Ah, having a dog sounds lovely! It must be nice to have dome company during the day. Walking is (was) something I found therapeutic, as a way of getting rid of excess energy and any jitteriness/anxiety. I feel lost without it.

Meerka · 03/05/2014 19:45

Completely agree about HG making life incredibly claustrophobic. YOu can't go out, you can't travel far, you can't see people, you can't get out of bed in the early months .. you can't do this, you can't eat ... you can't drink, ... you can't go near the kitchen .. you can't ... you can't, you can't, you can't ... it is a stifling nightmare. Life, and the walls, close in.

About hating being preg .... actually hating .. and being afraid that it will be impossible to bond with the baby ... All I can say is that I felt the same way.

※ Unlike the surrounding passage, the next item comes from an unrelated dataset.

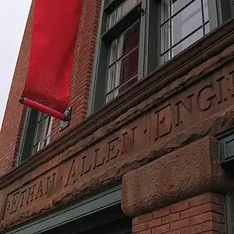 The Ethan Allen Firehouse is a historic building located in downtown Burlington. It was designed by local architect A.B. Fisher and completed in 1889, serving as home to the Ethan Allen Engine Company No. 4, one of Burlington's volunteer fire departments. In 1927, the building was acquired by the Burlington Police Department, and later, in 1967, it became unoccupied and fell into disrepair.[3]

I'm afraid that it did take time with our first son partly because even though I was no longer sick (omg, how wonderful that was) I was still very weak and that slowed the bonding even though it's very deep now. This time, despite the frightening wobble ten days ago, the bond's snapped into place straight away. I do believe that it does with everyone, even if it takes a bit of time. But I do know that taking Kalidasa's advice about taking it gently is very, very wise =)

LucindaE · 03/05/2014 20:49

Meerka Lovely to hear from you. Gentle hugs and pats as you must still be very delicate. Very wise words from you and Kalidasa. I was ill after birth and too weak to bond proprely, but I remebered advice in a baby book 'If you act as if you love the baby, that love is sure to come.' It did.
It will for everyone.
xx

OP posts:
petitlapin1 · 03/05/2014 22:47

Thank you for the reassurance ladfies, this last week or so I've been starting to really worry about loving and bonding with the baby.